The biggest mistake I have ever made in business was believing that if I hired people and paid them well enough that I would not have to hold them accountable.
With few exceptions, most people don’t produce the result they are capable of without some level of accountability. Goals by themselves don’t provide accountability. Neither do KPIs. Accountability is the requirement that you reach those goals and produce those KPIs. It’s more than knowing what results you are responsible for; it’s also having to answer for those results.
As a young leader, I hired people who had experience, and I paid them appropriately. I thought that they would do their job every day, produce results, and put up numbers. No one ever had to ask me to do my job, so why should I have to ask anyone else to do theirs. I thought well-paid people were self-starters and required no external motivation to do their work. I was sorely mistaken.
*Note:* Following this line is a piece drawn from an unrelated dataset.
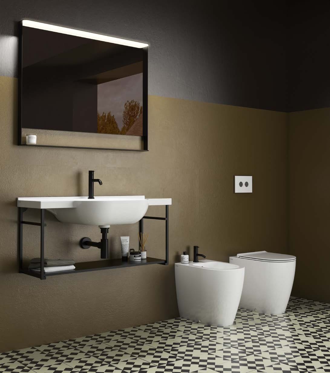 Подвесная раковина Ceramica Globo Mode имеет максимально удобную для использования глубокую чашу. Модель оснащена широкими бортиками, на которых можно с комфортом размещать необходимые аксессуары. Раковину можно установить на подвесную или напольную консоль элегантного чёрного оттенка.

The results were abysmal. The people I hired and failed to lead by holding them accountable failed in their roles. Not only did they fail to produce results, but they also failed to lead and hold their people accountable. One of them disappeared during the day, always coming up with some story about where she was and what she was doing.
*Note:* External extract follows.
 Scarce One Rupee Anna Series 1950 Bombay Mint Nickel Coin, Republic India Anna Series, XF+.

Leading requires that you hold people accountable. It takes a tremendous amount of time and energy.
I also believed that people are inherently money motivated and that the right compensation plan with the right incentives would be enough to drive people to perform. I was wrong here, too.
A small number of people are truly money motivated. These people always find a way to make more money. They don’t just want more money; they take action to make it their reality.
As important as incentives can be in driving a desired set of behaviors, they are still no substitute for accountability. If I could pull only one lever, incentives or accountability, I’d take the latter every time.